Пётр ответил 15 мая, что короноваться он не может, поскольку спешит на войну63. Впрочем, с легкомыслием император всегда сочетал подозрительность. Поэтому при встрече сказал Шувалову: «Прусский король мне пишет, что ни один из подозрительных мне людей не должен оставаться в Петербурге в моё отсутствие». Вслед за чем прислал к Ивану Ивановичу приказ следовать за ним в армию волонтёром64.

«Да здравствует царко Пётр Фёдорович!»


В самом начале 1762 года герцог Шуазель из Парижа советовал французскому послу вести себя с Петром III «как с больным ребёнком, стараясь ничем не раздражать его». Судя по письмам, именно так держался по отношению к корреспонденту Фридрих II. Только потакая императору, можно было чего-то добиться. Заверения в самой чистосердечной дружбе соединялись с потоками лести.

«В то время как меня преследует вся Европа, в вас нахожу я друга, — писал он 20 марта, — нахожу в вас государя, у которого сердце истинно немецкое, который не хочет способствовать тому, чтобы Германия была отдана в рабство Австрийскому дому и который протягивает мне руку помощи, когда я нахожусь почти без средств»65.

Первые шаги были очень осторожными. Фридрих нащупывал почву. 6 февраля он писал: «Никто, как я, не хочет установить между двумя государствами старинное доброе согласие, нарушенное усилиями моих врагов, что выгодно только для посторонних»66. Многозначительные слова. Они как бы вводили Петра III в круг «своих», немецких государей, оставив за бортом общих врагов — Австрию и Францию. 15 февраля Пётр ответил, что жаждет установить «союз дружбы, давно уже соединивший нас двоих и долженствующий вскоре соединить наши народы»67.

Король тут же поймал брошенный волан и сообщил 3 марта, что желал бы преподнести молодому монарху прусский орден Чёрного Орла, которым некогда владела императрица Елизавета. То была тайная мечта Петра, а угадывать желания будущего союзника на полгода стало главным занятием короля. «Ещё раньше воцарения Вашего императорского величества я был многим обязан вам... Кто совершает поступки столь благородные и столь редкие... должен ожидать выражения удивления... Да будет ваше правление продолжительно и счастливо!»68

Прочитав подобные слова, Пётр смутился. Со всем тщеславием и бахвальством он был простым малым. «Ваше величество желаете насмехаться надо мной, расхваливая так моё царствование», — отвечал он 15 марта и заверил, что считает корреспондента «одним из величайших в свете героев»69.

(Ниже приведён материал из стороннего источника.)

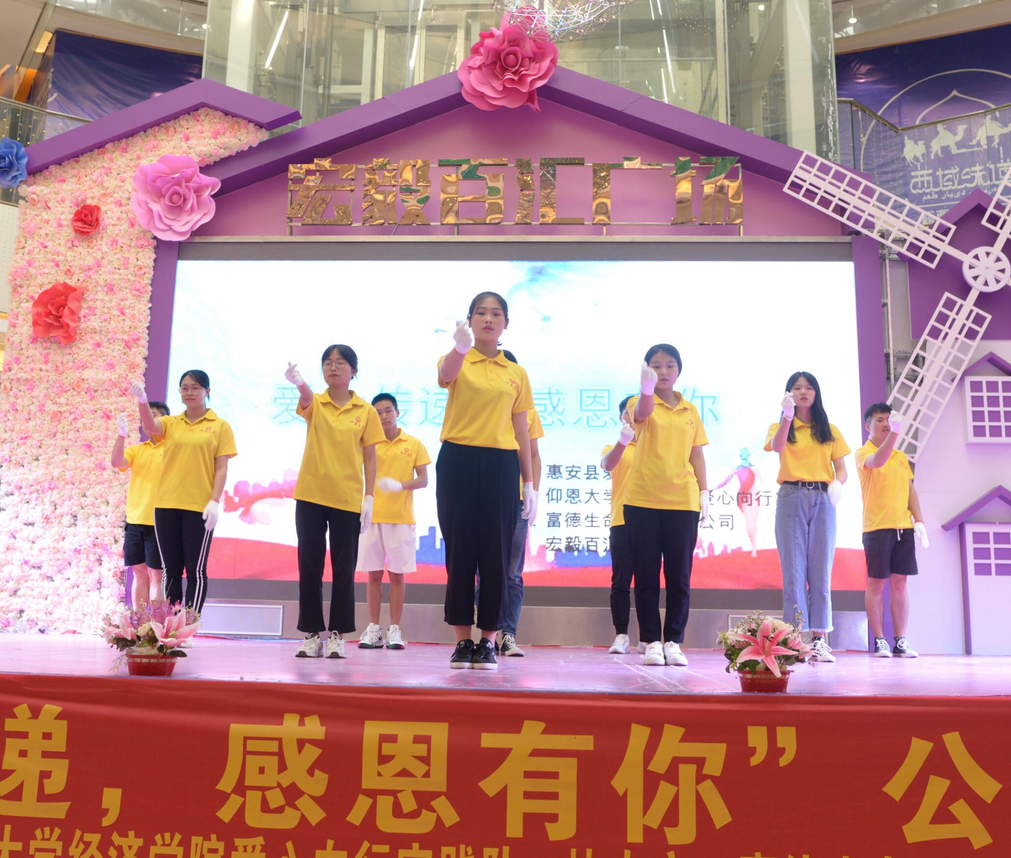 7月28日,由惠安县爱心社与买球官方网站爱心向行实践队主办,富德生命人寿保险公司和宏毅百汇商场协办“爱心传递 感恩有你”主题公益晚会于宏毅百汇广场1楼举行。

Но Фридрих знал: лести не бывает много. «Вы подаёте пример добродетели всем властителям, что должно привязать к вам сердца всех честных людей, — настаивал он 23 марта. — ...Я потерял за эту войну 120 генералов, 14 генералов в плену у австрийцев; в результате наше положение ужасно. Я мог бы прийти в полное отчаяние от него, но я нахожу верного друга в лице великого, одного из самых великих государей Европы, который чувства чести предпочитает всяким соображениям политики. Ах, не считайте странным, Ваше величество, что все мои упования на вас»70.

Другой чувствительной ноткой, на которую откликалось сердце Петра, были прямота и искренность. «Я чрезвычайно счастлив, что Гольц удостоился вашего одобрения, — рассуждал Фридрих 4 апреля, — я ручаюсь за него как за честного человека... Я горько упрекал бы себя, если бы послал к вашему двору кого-нибудь, чтобы двоедушничать... Перед отъездом Гольца я сказал ему: “Не пускайте в ход ни хитростей, ни каверз; обращайтесь прямо к императору, пусть искренность и правдивость единственно руководят вами. Государь этот — тот же я; такой счастливый союз не должен быть осквернён двоедушием и тайными происками”»71.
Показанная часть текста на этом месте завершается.